Exercise requirements: Nothing in the records should be changed in the copy, though the pictures must be left out.

Information:
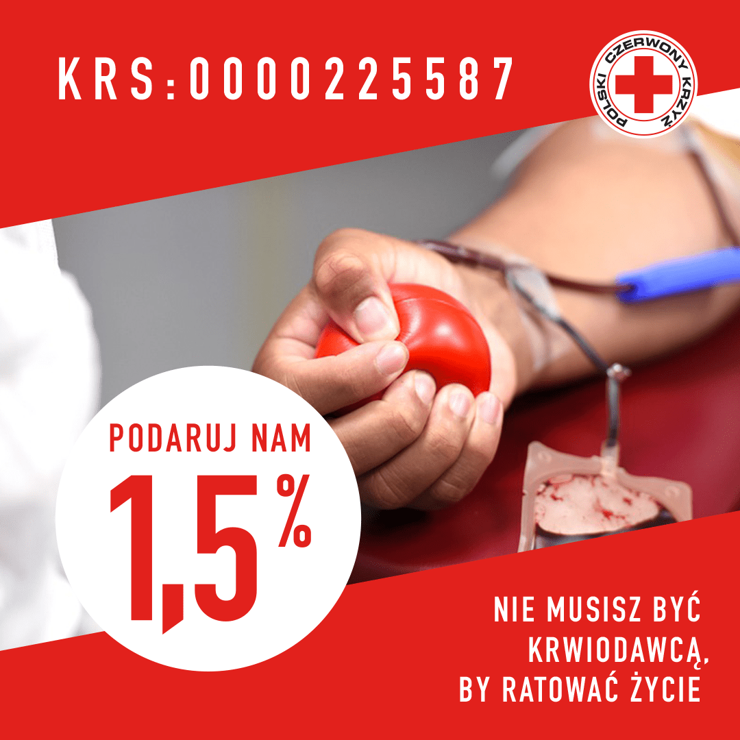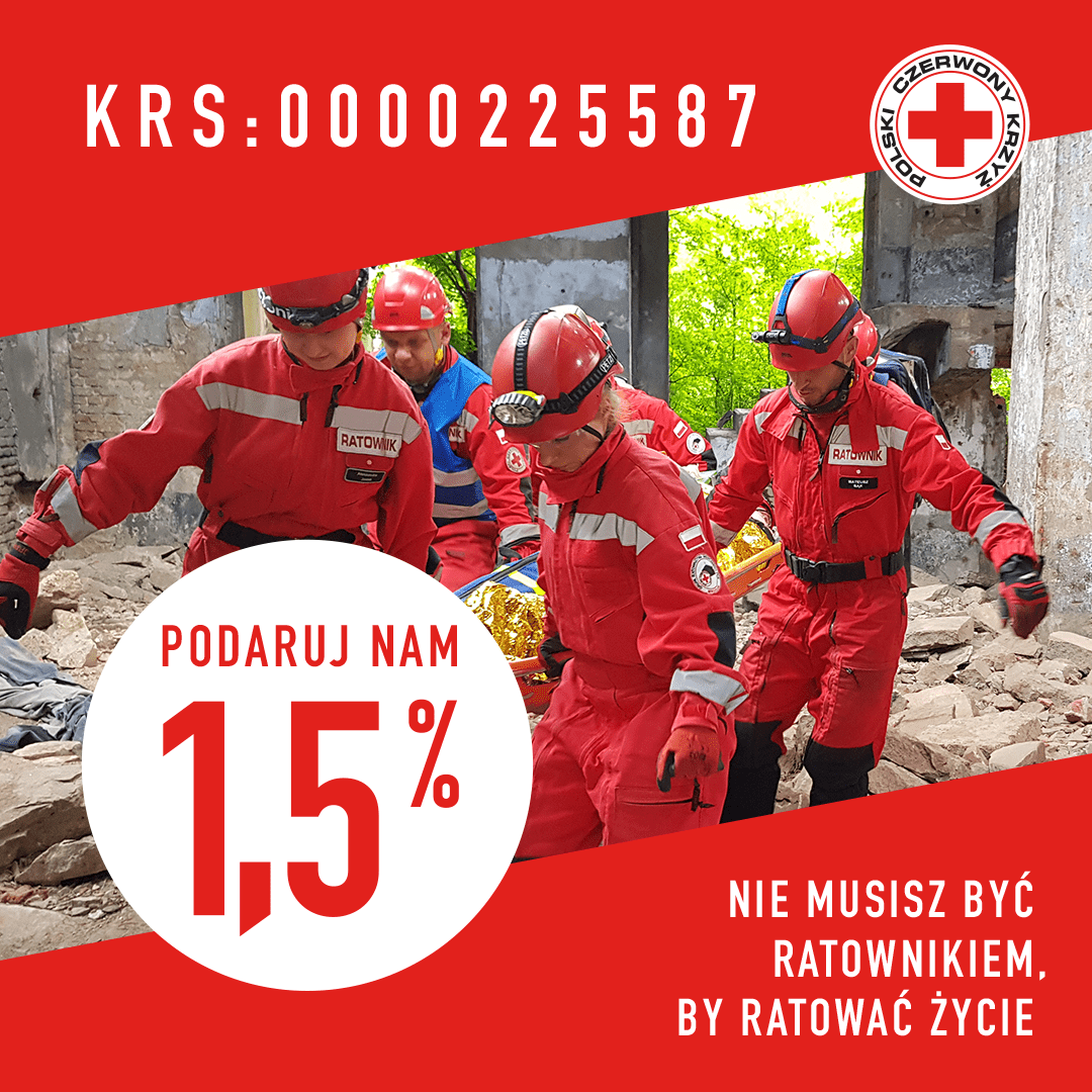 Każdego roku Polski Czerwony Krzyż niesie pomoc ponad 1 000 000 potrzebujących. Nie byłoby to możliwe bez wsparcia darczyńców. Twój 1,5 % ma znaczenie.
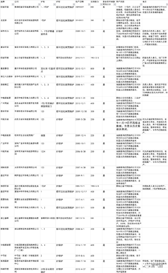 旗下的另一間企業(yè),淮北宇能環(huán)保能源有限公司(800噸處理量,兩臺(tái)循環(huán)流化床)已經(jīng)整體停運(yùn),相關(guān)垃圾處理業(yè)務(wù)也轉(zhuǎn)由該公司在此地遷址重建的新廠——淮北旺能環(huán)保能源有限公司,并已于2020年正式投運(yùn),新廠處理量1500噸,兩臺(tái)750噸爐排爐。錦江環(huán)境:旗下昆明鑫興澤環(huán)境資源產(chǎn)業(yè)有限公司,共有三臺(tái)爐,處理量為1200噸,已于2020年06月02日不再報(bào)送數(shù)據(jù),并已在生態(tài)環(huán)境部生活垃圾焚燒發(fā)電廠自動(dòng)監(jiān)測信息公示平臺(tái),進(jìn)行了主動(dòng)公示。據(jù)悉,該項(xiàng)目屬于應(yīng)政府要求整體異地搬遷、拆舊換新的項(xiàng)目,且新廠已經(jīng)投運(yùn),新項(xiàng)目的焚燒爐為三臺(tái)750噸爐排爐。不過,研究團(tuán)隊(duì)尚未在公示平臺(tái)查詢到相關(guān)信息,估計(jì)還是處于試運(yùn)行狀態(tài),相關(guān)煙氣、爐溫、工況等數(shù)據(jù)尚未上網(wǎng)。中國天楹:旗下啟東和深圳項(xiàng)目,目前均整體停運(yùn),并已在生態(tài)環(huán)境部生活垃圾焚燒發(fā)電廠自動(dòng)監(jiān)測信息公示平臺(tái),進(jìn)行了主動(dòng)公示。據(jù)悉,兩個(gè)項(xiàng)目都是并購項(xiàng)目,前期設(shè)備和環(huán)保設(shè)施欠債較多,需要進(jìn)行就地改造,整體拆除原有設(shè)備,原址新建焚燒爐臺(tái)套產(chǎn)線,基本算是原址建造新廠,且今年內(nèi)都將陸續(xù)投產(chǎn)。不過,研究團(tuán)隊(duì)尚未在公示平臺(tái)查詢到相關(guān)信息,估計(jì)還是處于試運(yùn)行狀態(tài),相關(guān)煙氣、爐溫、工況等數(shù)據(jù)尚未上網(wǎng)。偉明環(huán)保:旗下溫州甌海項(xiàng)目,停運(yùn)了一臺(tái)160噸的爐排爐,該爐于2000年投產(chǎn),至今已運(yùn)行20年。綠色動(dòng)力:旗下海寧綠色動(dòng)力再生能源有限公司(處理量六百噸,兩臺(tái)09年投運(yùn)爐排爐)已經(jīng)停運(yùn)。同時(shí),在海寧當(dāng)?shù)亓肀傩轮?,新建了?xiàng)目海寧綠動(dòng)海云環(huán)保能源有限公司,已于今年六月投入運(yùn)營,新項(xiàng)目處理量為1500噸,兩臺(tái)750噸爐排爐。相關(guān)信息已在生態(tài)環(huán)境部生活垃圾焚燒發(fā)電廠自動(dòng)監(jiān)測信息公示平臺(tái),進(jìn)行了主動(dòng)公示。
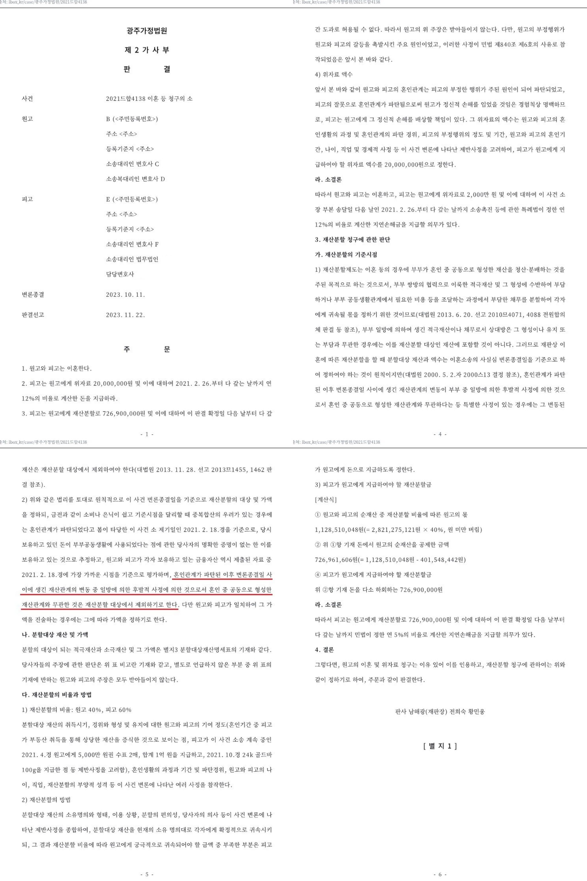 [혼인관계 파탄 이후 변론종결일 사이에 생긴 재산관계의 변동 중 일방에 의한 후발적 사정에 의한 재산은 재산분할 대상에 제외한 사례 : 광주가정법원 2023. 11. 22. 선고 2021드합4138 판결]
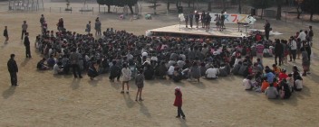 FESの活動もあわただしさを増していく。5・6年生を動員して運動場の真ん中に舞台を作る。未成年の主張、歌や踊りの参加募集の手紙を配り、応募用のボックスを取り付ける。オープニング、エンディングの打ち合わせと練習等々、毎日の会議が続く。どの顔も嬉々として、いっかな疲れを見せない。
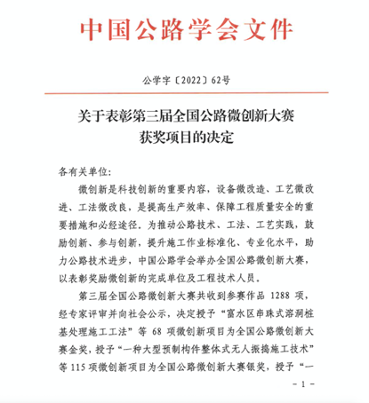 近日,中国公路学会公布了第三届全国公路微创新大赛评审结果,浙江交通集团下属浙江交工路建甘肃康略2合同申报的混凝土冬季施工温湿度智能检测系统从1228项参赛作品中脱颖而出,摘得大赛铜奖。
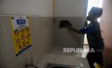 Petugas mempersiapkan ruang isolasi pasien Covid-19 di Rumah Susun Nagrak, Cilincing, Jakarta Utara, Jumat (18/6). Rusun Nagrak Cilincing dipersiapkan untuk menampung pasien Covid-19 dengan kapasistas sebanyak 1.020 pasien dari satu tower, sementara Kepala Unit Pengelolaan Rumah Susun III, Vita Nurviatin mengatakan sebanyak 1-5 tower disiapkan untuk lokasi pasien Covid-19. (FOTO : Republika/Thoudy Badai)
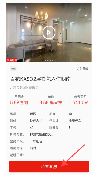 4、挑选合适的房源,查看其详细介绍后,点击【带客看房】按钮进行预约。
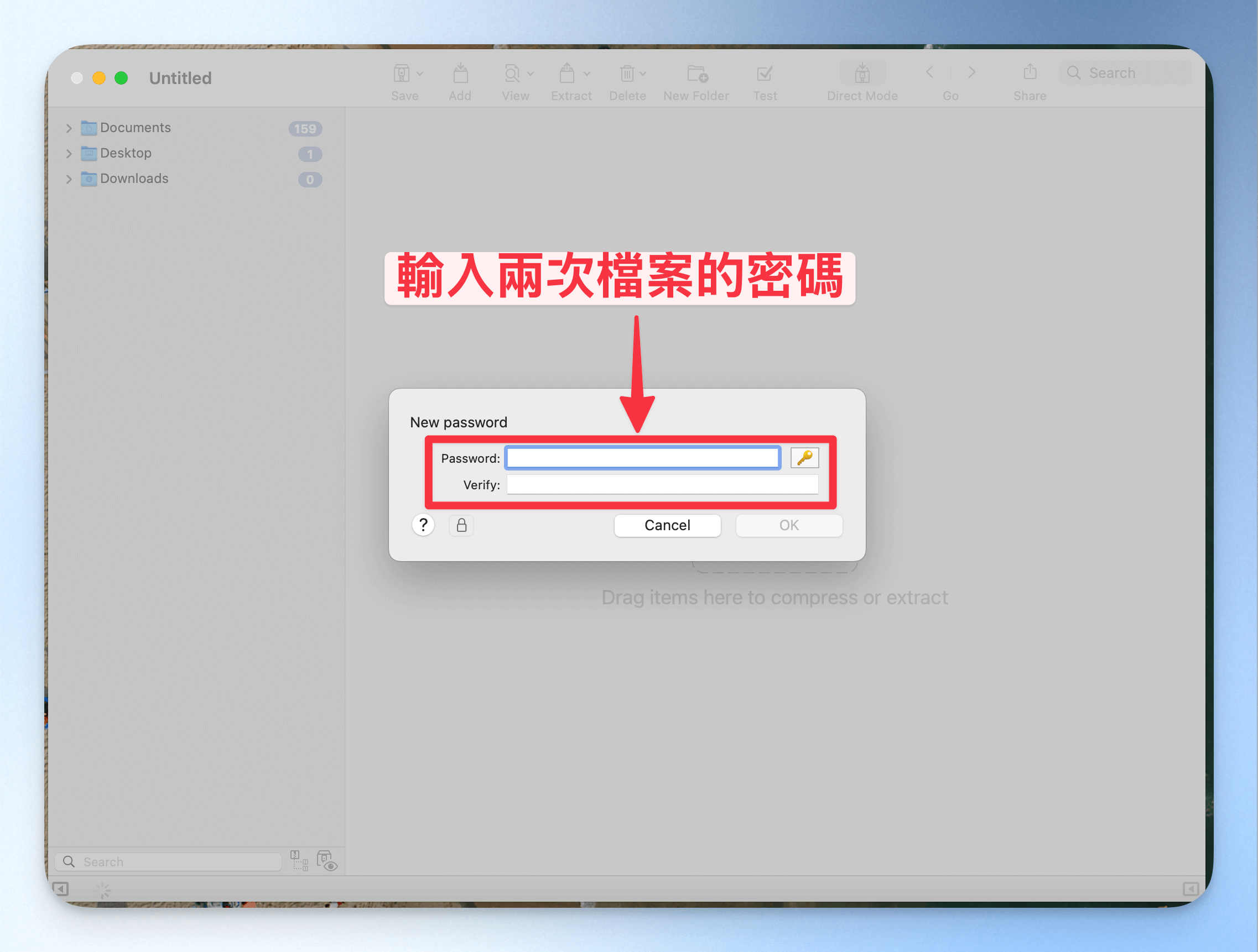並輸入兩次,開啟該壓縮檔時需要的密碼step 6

Result:
 Każdego roku Polski Czerwony Krzyż niesie pomoc ponad 1 000 000 potrzebujących. Nie byłoby to możliwe bez wsparcia darczyńców. Twój 1,5 % ma znaczenie.
 旗下的另一間企業(yè),淮北宇能環(huán)保能源有限公司(800噸處理量,兩臺(tái)循環(huán)流化床)已經(jīng)整體停運(yùn),相關(guān)垃圾處理業(yè)務(wù)也轉(zhuǎn)由該公司在此地遷址重建的新廠——淮北旺能環(huán)保能源有限公司,并已于2020年正式投運(yùn),新廠處理量1500噸,兩臺(tái)750噸爐排爐。錦江環(huán)境:旗下昆明鑫興澤環(huán)境資源產(chǎn)業(yè)有限公司,共有三臺(tái)爐,處理量為1200噸,已于2020年06月02日不再報(bào)送數(shù)據(jù),并已在生態(tài)環(huán)境部生活垃圾焚燒發(fā)電廠自動(dòng)監(jiān)測信息公示平臺(tái),進(jìn)行了主動(dòng)公示。據(jù)悉,該項(xiàng)目屬于應(yīng)政府要求整體異地搬遷、拆舊換新的項(xiàng)目,且新廠已經(jīng)投運(yùn),新項(xiàng)目的焚燒爐為三臺(tái)750噸爐排爐。不過,研究團(tuán)隊(duì)尚未在公示平臺(tái)查詢到相關(guān)信息,估計(jì)還是處于試運(yùn)行狀態(tài),相關(guān)煙氣、爐溫、工況等數(shù)據(jù)尚未上網(wǎng)。中國天楹:旗下啟東和深圳項(xiàng)目,目前均整體停運(yùn),并已在生態(tài)環(huán)境部生活垃圾焚燒發(fā)電廠自動(dòng)監(jiān)測信息公示平臺(tái),進(jìn)行了主動(dòng)公示。據(jù)悉,兩個(gè)項(xiàng)目都是并購項(xiàng)目,前期設(shè)備和環(huán)保設(shè)施欠債較多,需要進(jìn)行就地改造,整體拆除原有設(shè)備,原址新建焚燒爐臺(tái)套產(chǎn)線,基本算是原址建造新廠,且今年內(nèi)都將陸續(xù)投產(chǎn)。不過,研究團(tuán)隊(duì)尚未在公示平臺(tái)查詢到相關(guān)信息,估計(jì)還是處于試運(yùn)行狀態(tài),相關(guān)煙氣、爐溫、工況等數(shù)據(jù)尚未上網(wǎng)。偉明環(huán)保:旗下溫州甌海項(xiàng)目,停運(yùn)了一臺(tái)160噸的爐排爐,該爐于2000年投產(chǎn),至今已運(yùn)行20年。綠色動(dòng)力:旗下海寧綠色動(dòng)力再生能源有限公司(處理量六百噸,兩臺(tái)09年投運(yùn)爐排爐)已經(jīng)停運(yùn)。同時(shí),在海寧當(dāng)?shù)亓肀傩轮?,新建了?xiàng)目海寧綠動(dòng)海云環(huán)保能源有限公司,已于今年六月投入運(yùn)營,新項(xiàng)目處理量為1500噸,兩臺(tái)750噸爐排爐。相關(guān)信息已在生態(tài)環(huán)境部生活垃圾焚燒發(fā)電廠自動(dòng)監(jiān)測信息公示平臺(tái),進(jìn)行了主動(dòng)公示。
 [혼인관계 파탄 이후 변론종결일 사이에 생긴 재산관계의 변동 중 일방에 의한 후발적 사정에 의한 재산은 재산분할 대상에 제외한 사례 : 광주가정법원 2023. 11. 22. 선고 2021드합4138 판결]
 FESの活動もあわただしさを増していく。5・6年生を動員して運動場の真ん中に舞台を作る。未成年の主張、歌や踊りの参加募集の手紙を配り、応募用のボックスを取り付ける。オープニング、エンディングの打ち合わせと練習等々、毎日の会議が続く。どの顔も嬉々として、いっかな疲れを見せない。
 近日,中国公路学会公布了第三届全国公路微创新大赛评审结果,浙江交通集团下属浙江交工路建甘肃康略2合同申报的混凝土冬季施工温湿度智能检测系统从1228项参赛作品中脱颖而出,摘得大赛铜奖。
 Petugas mempersiapkan ruang isolasi pasien Covid-19 di Rumah Susun Nagrak, Cilincing, Jakarta Utara, Jumat (18/6). Rusun Nagrak Cilincing dipersiapkan untuk menampung pasien Covid-19 dengan kapasistas sebanyak 1.020 pasien dari satu tower, sementara Kepala Unit Pengelolaan Rumah Susun III, Vita Nurviatin mengatakan sebanyak 1-5 tower disiapkan untuk lokasi pasien Covid-19. (FOTO : Republika/Thoudy Badai)
 4、挑选合适的房源,查看其详细介绍后,点击【带客看房】按钮进行预约。
並輸入兩次,開啟該壓縮檔時需要的密碼step 6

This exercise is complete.